╔══

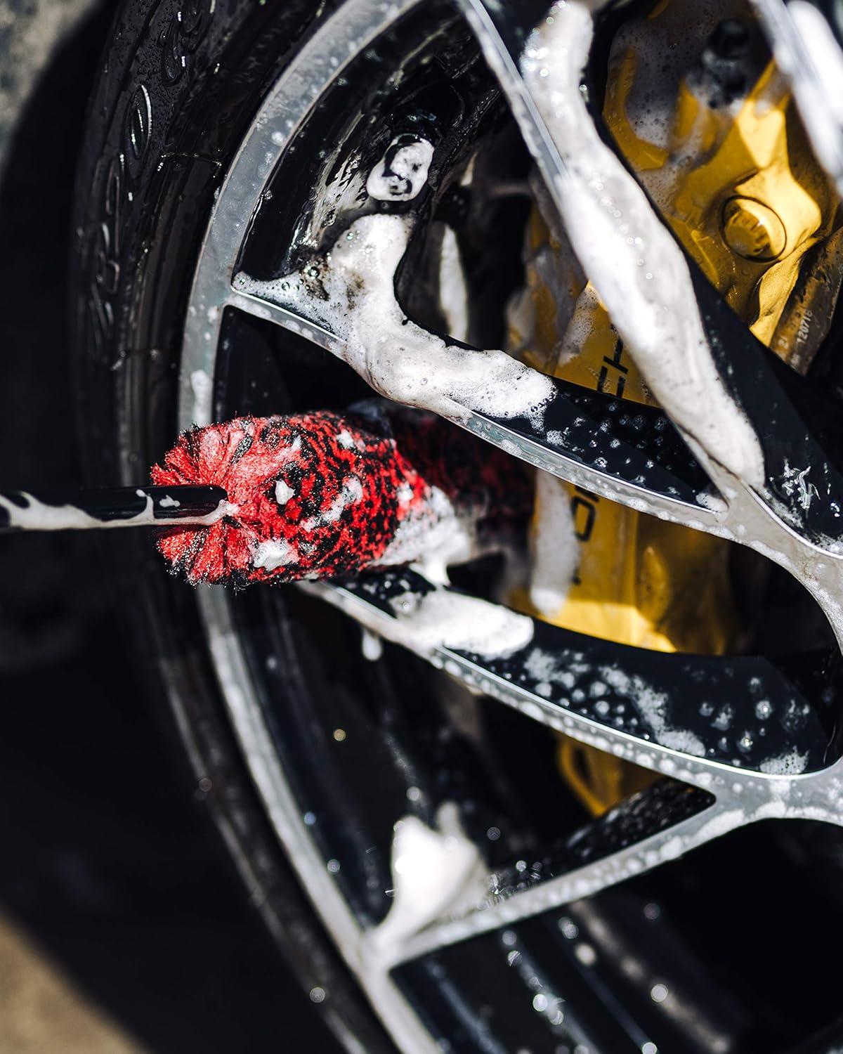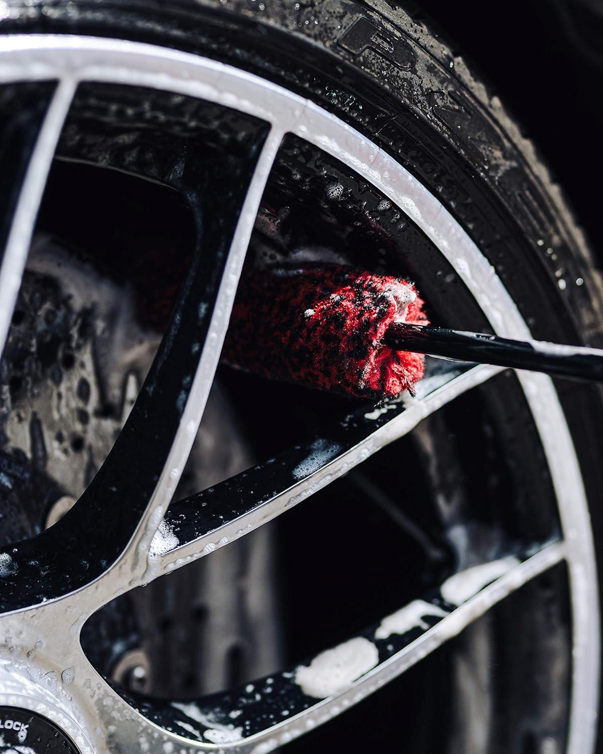 ✅ SAFE ON ALL WHEEL FINISHES – The Adam's Barrel Brush and the Adam's Small Barrel Brush are made from 100% polypropylene black and red wool carpet fiber, that is recyclable and chemical resistant. The fiber blend is incredibly soft yet dense. When paired with Adam’s Wheel Cleaner, you get the ultimate wheel cleaning combination. If you need to clean the face of your rims, use Adam’s Wheel Brush or 5 Finger Wash Mitt.
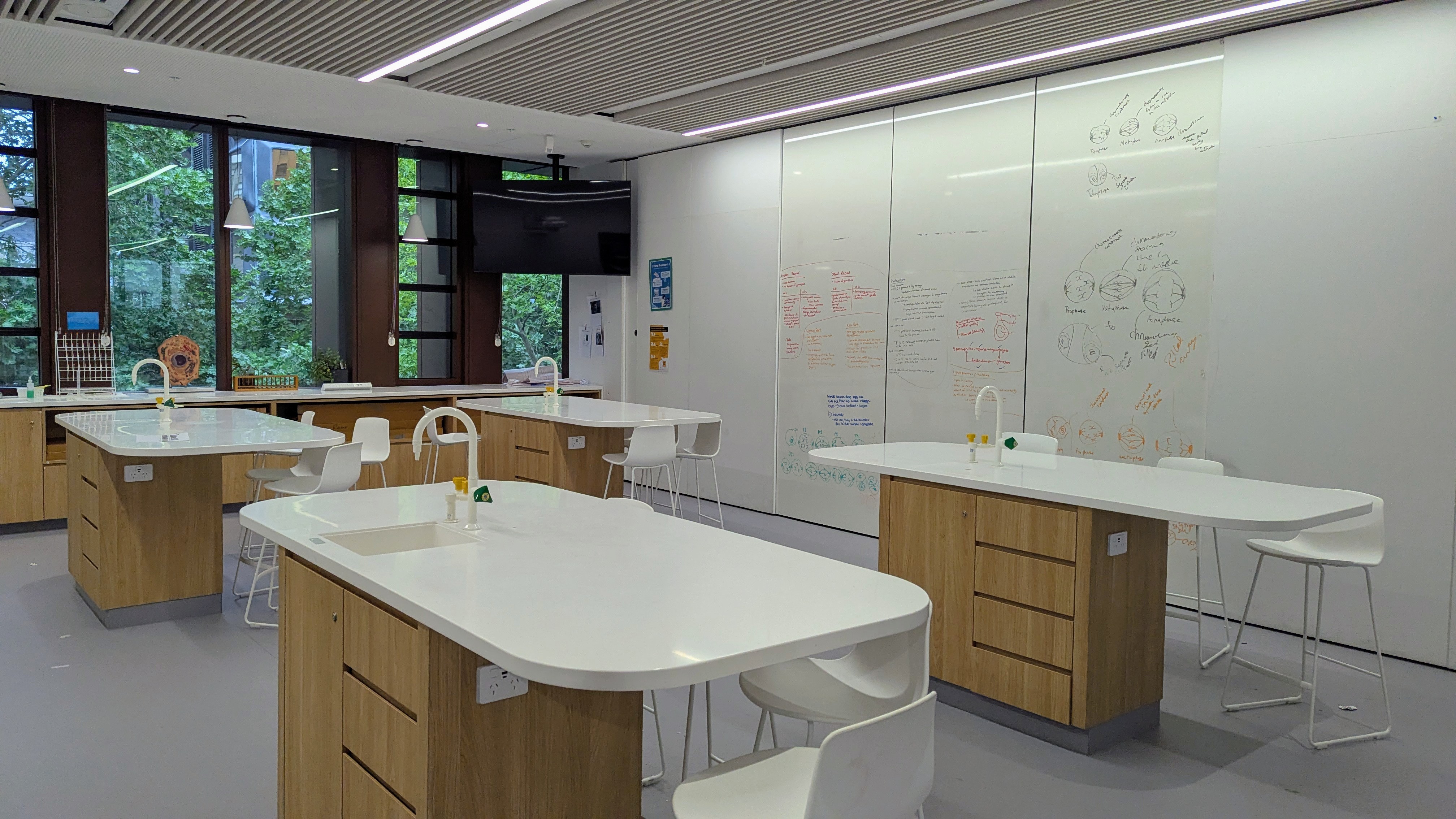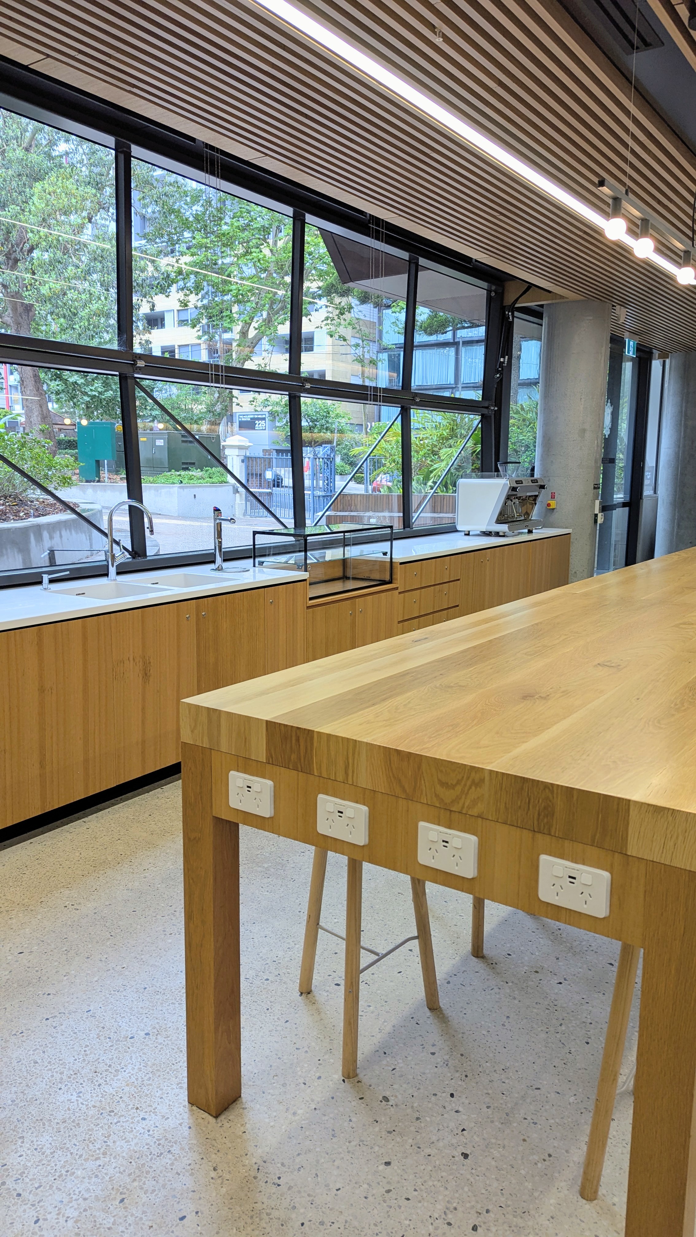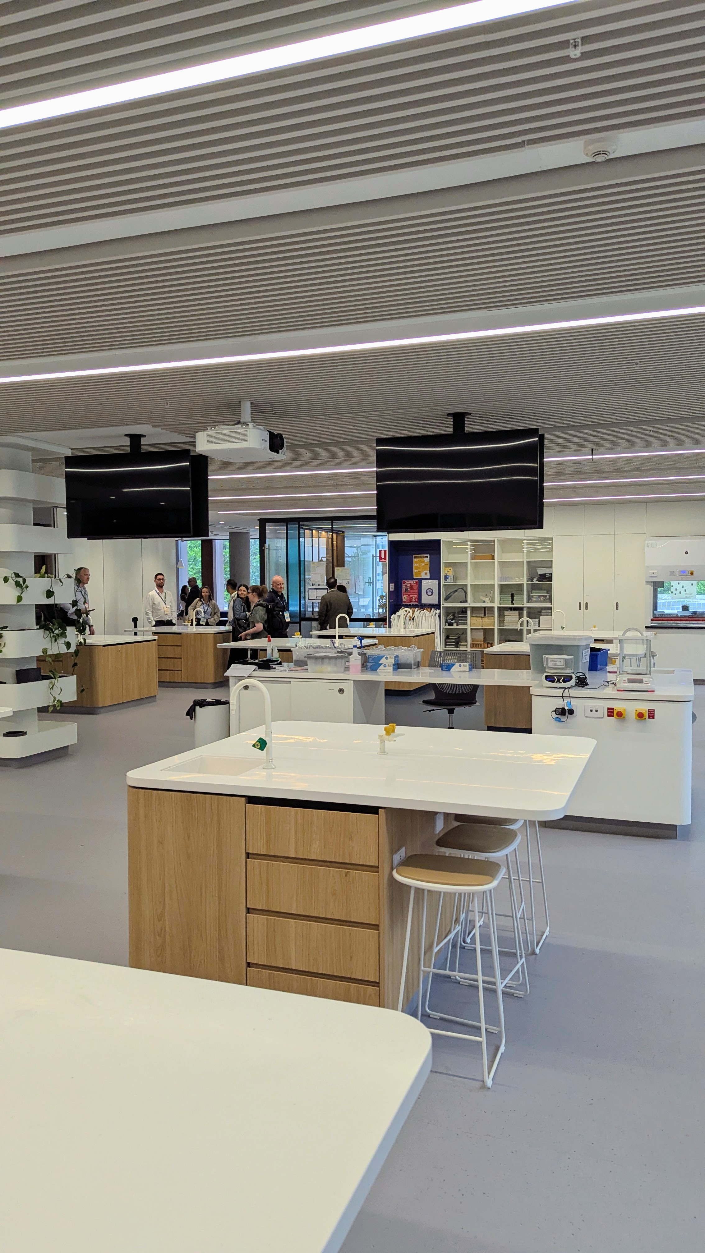 The science labs on the upper floor were a really interesting design, with a pair of semicircular labs each opening up to various sized theory spaces either side. Each of the four theory labs on this floor are differently sized and break out to a curved walkway which is set back to bring in the sun to the pool beneath. Across the central outdoor spine connecting the entrance on Miller Street with the rest of the campus, is the Hospitality kitchen with large tilt doors out to an open paved terrace. This bringing together of science and hospitality and enquiry along the public lane reminded me of a town square, celebrating learning and bringing together diverse views.
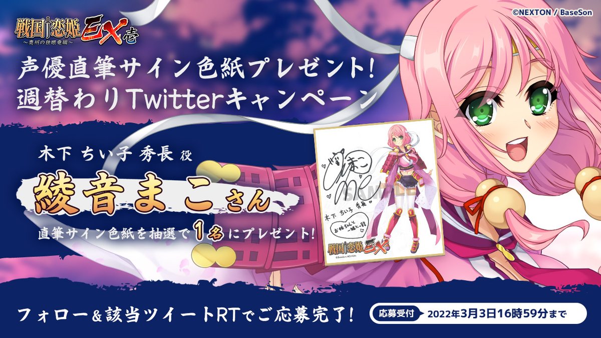 『戦国†恋姫EX壱』クラブネクストン先行公開を記念して「綾音まこ」さんの直筆サイン色紙を1名様にプレゼント!
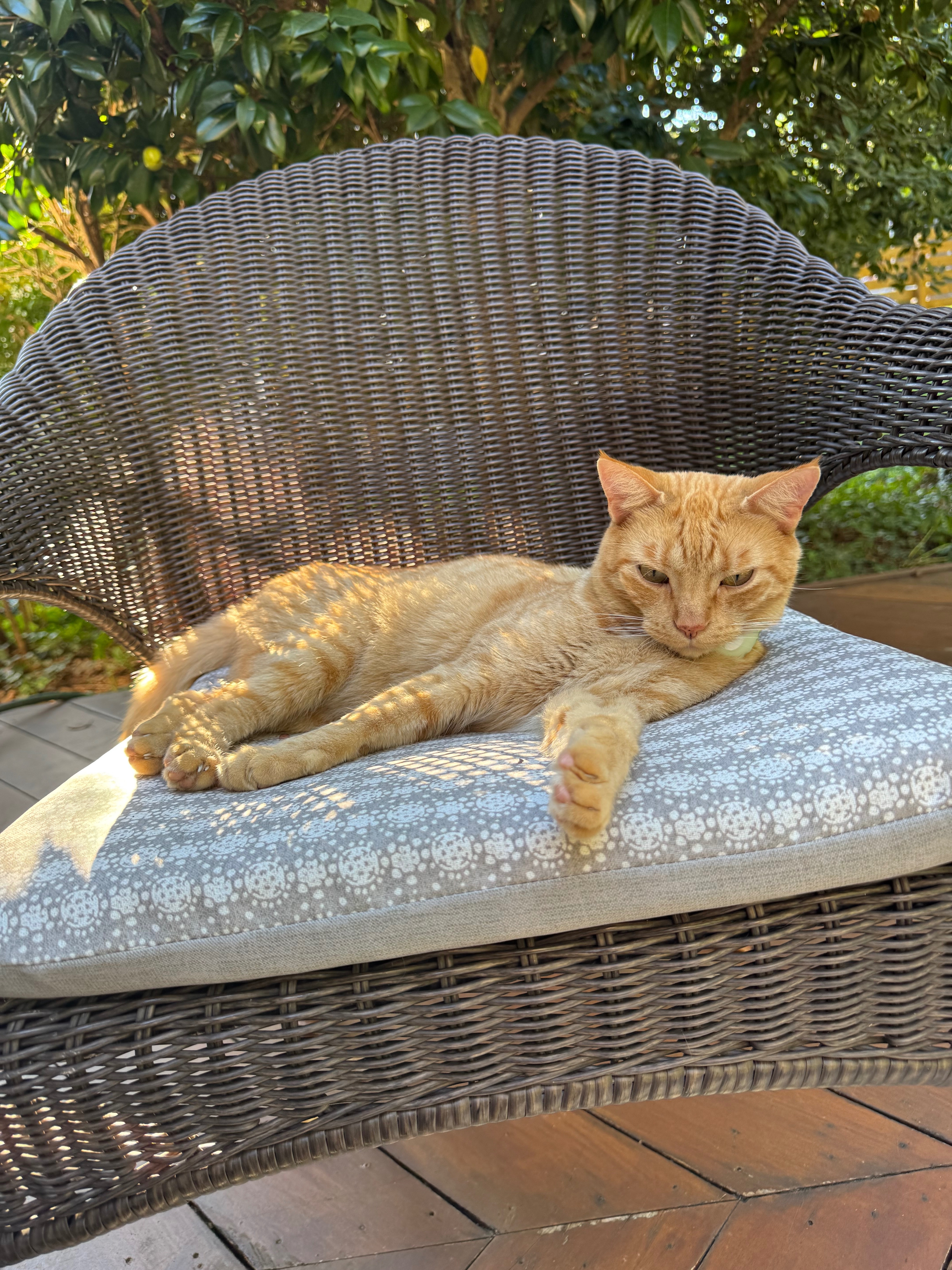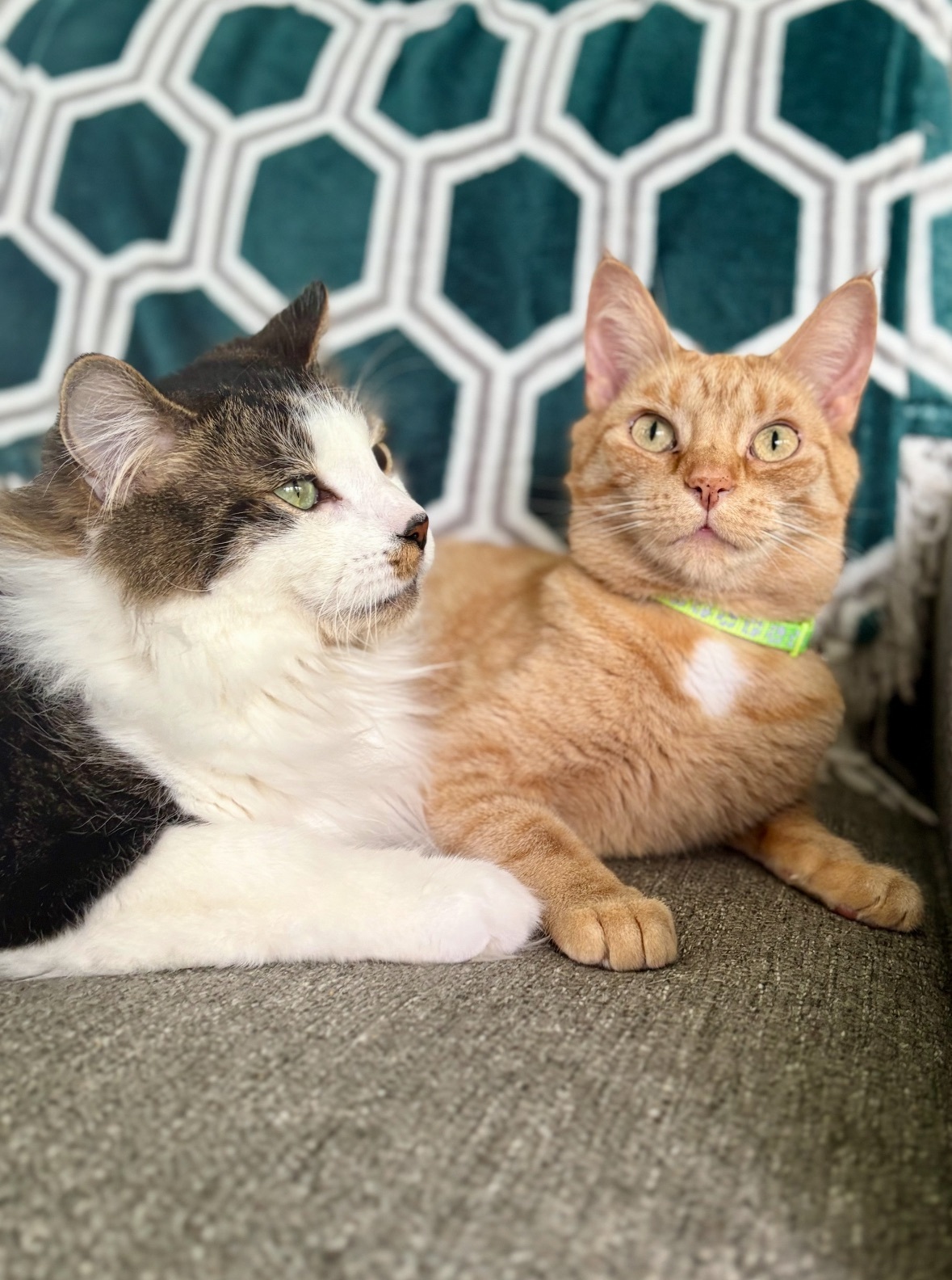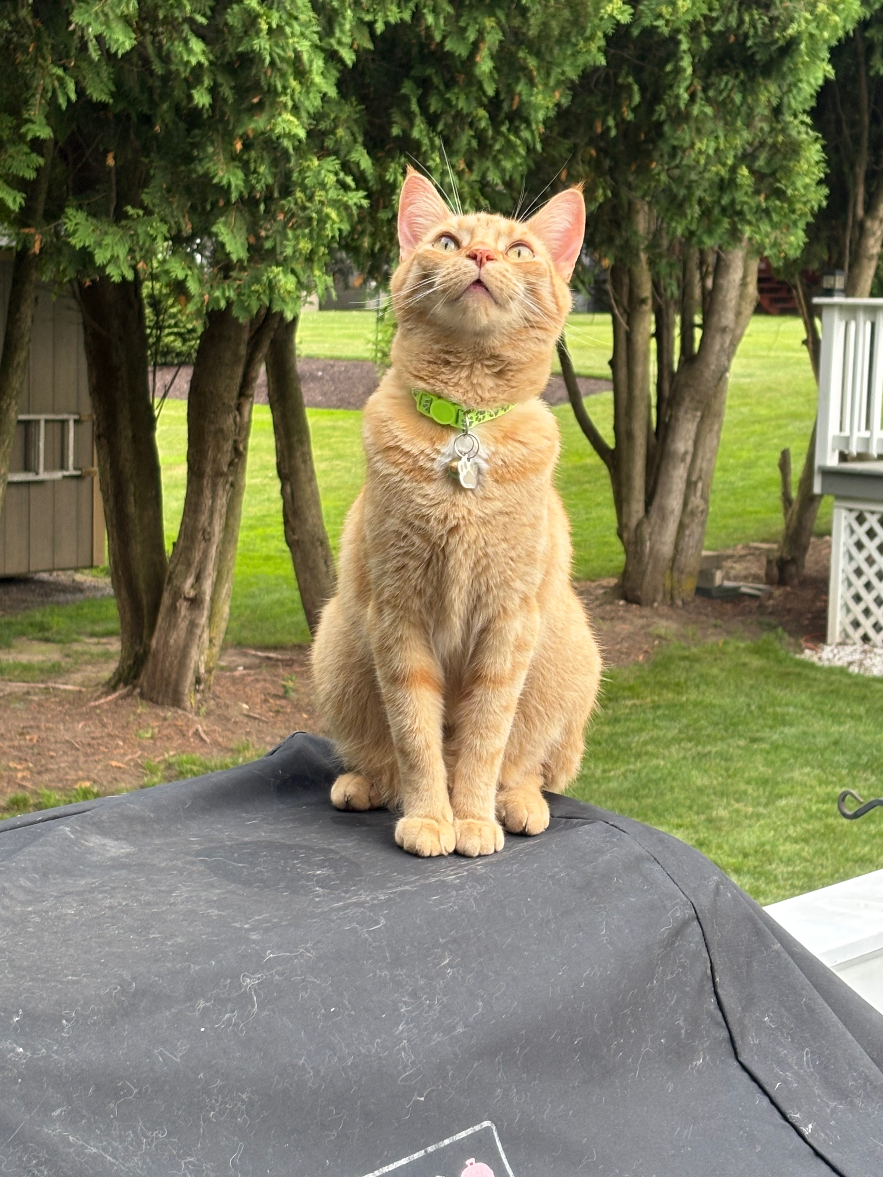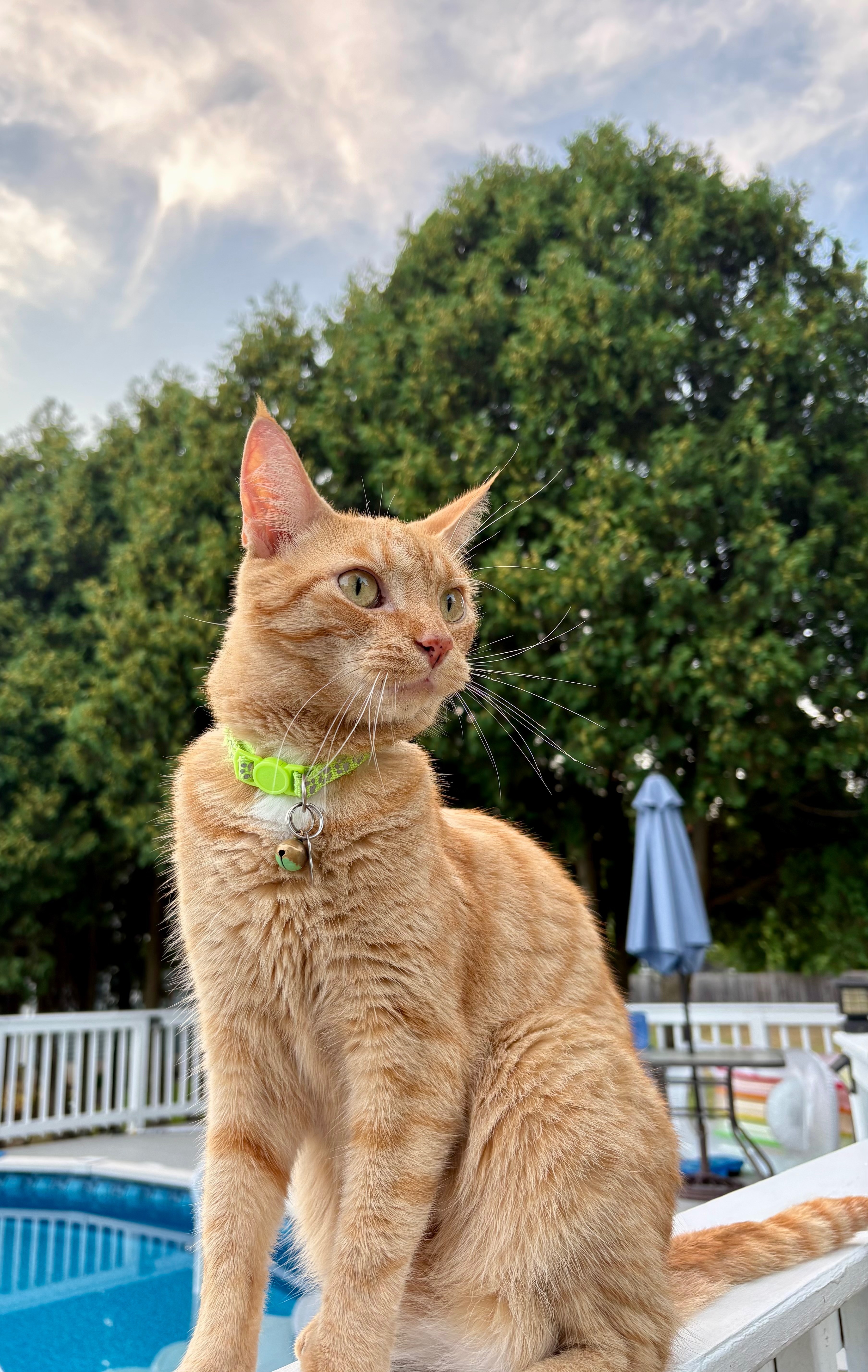 Leo is a 7 year old male neutered cat. He's an orange domestic short hair with light yellow/green eyes. He has a small white patch on his chest (under his neck) He was last seen wearing his neon green color with a bell on it. There is a name plate with our phone humber on the collar. He is very sweet (non aggressive) however he may be skittish around strangers.

╚══

[Instructions to follow] None of the pictures belong in the copy; transcribe the rest of the data exactly.

[Exercise response]
 ✅ SAFE ON ALL WHEEL FINISHES – The Adam's Barrel Brush and the Adam's Small Barrel Brush are made from 100% polypropylene black and red wool carpet fiber, that is recyclable and chemical resistant. The fiber blend is incredibly soft yet dense. When paired with Adam’s Wheel Cleaner, you get the ultimate wheel cleaning combination. If you need to clean the face of your rims, use Adam’s Wheel Brush or 5 Finger Wash Mitt.
 The science labs on the upper floor were a really interesting design, with a pair of semicircular labs each opening up to various sized theory spaces either side. Each of the four theory labs on this floor are differently sized and break out to a curved walkway which is set back to bring in the sun to the pool beneath. Across the central outdoor spine connecting the entrance on Miller Street with the rest of the campus, is the Hospitality kitchen with large tilt doors out to an open paved terrace. This bringing together of science and hospitality and enquiry along the public lane reminded me of a town square, celebrating learning and bringing together diverse views.
 『戦国†恋姫EX壱』クラブネクストン先行公開を記念して「綾音まこ」さんの直筆サイン色紙を1名様にプレゼント!
 Leo is a 7 year old male neutered cat. He's an orange domestic short hair with light yellow/green eyes. He has a small white patch on his chest (under his neck) He was last seen wearing his neon green color with a bell on it. There is a name plate with our phone humber on the collar. He is very sweet (non aggressive) however he may be skittish around strangers.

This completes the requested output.